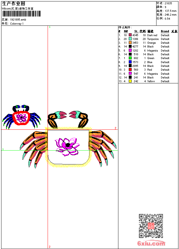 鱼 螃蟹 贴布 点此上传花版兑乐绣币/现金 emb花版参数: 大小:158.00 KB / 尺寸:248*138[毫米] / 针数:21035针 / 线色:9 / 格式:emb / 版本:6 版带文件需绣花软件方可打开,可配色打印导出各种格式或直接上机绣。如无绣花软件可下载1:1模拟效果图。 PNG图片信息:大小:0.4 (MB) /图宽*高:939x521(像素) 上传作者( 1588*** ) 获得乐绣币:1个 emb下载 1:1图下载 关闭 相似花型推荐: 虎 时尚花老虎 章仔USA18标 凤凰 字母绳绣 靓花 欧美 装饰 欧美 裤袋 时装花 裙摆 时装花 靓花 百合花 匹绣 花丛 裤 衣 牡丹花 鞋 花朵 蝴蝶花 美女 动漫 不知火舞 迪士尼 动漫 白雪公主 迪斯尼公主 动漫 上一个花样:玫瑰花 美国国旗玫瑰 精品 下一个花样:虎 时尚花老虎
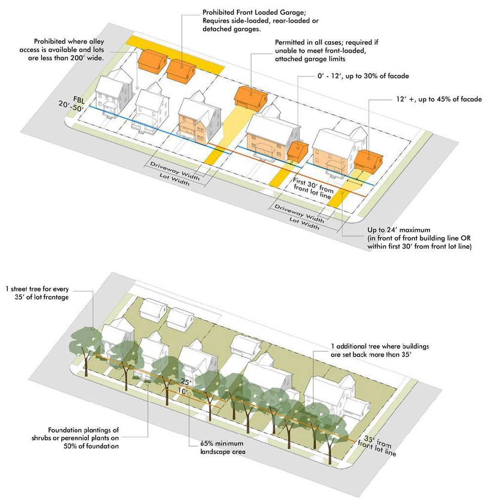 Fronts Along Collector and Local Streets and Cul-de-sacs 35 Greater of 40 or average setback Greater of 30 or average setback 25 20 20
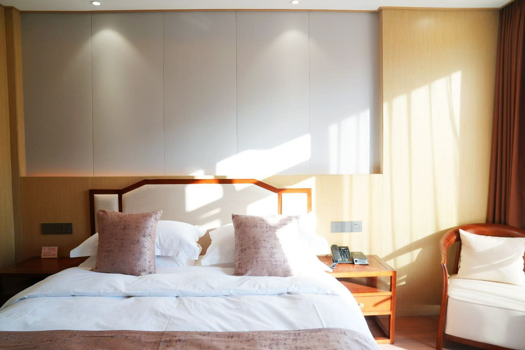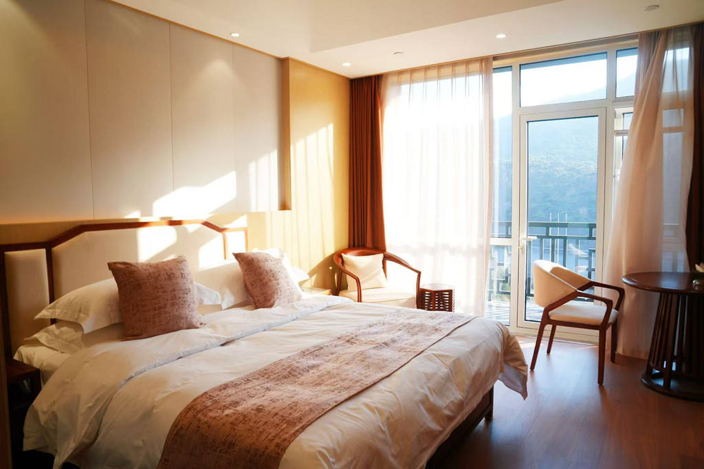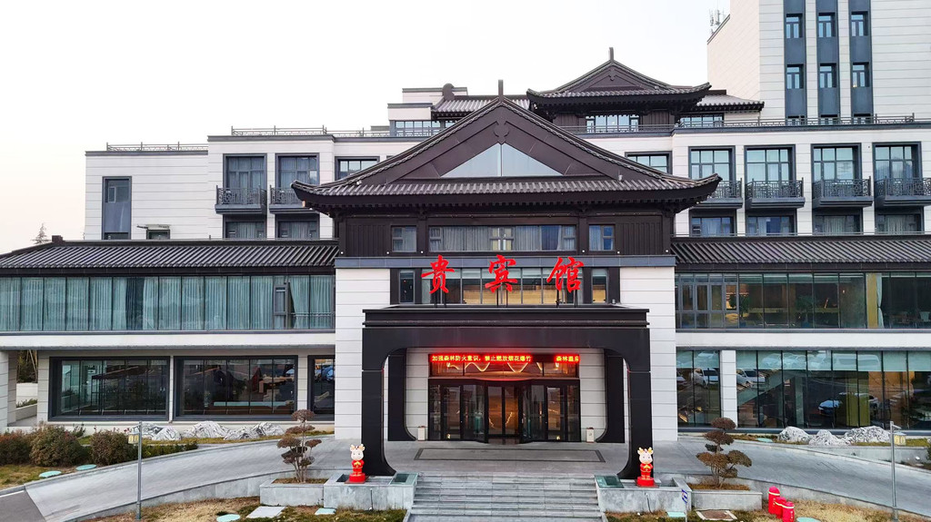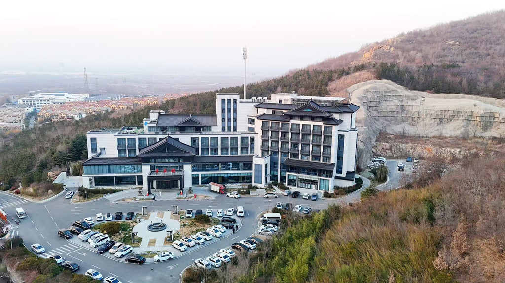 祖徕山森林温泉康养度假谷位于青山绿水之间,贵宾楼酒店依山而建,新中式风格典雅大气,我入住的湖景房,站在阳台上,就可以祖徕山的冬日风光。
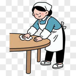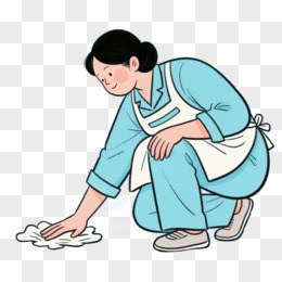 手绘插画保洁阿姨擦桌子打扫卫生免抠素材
--------------------------------------------------
__TASK INSTRUCTIONS__. If a line holds a picture, skip the picture and transcribe the rest of the material exactly.

__YOUR SOLUTION__.
 鱼 螃蟹 贴布 点此上传花版兑乐绣币/现金 emb花版参数: 大小:158.00 KB / 尺寸:248*138[毫米] / 针数:21035针 / 线色:9 / 格式:emb / 版本:6 版带文件需绣花软件方可打开,可配色打印导出各种格式或直接上机绣。如无绣花软件可下载1:1模拟效果图。 PNG图片信息:大小:0.4 (MB) /图宽*高:939x521(像素) 上传作者( 1588*** ) 获得乐绣币:1个 emb下载 1:1图下载 关闭 相似花型推荐: 虎 时尚花老虎 章仔USA18标 凤凰 字母绳绣 靓花 欧美 装饰 欧美 裤袋 时装花 裙摆 时装花 靓花 百合花 匹绣 花丛 裤 衣 牡丹花 鞋 花朵 蝴蝶花 美女 动漫 不知火舞 迪士尼 动漫 白雪公主 迪斯尼公主 动漫 上一个花样:玫瑰花 美国国旗玫瑰 精品 下一个花样:虎 时尚花老虎
 Fronts Along Collector and Local Streets and Cul-de-sacs 35 Greater of 40 or average setback Greater of 30 or average setback 25 20 20
 祖徕山森林温泉康养度假谷位于青山绿水之间,贵宾楼酒店依山而建,新中式风格典雅大气,我入住的湖景房,站在阳台上,就可以祖徕山的冬日风光。
 手绘插画保洁阿姨擦桌子打扫卫生免抠素材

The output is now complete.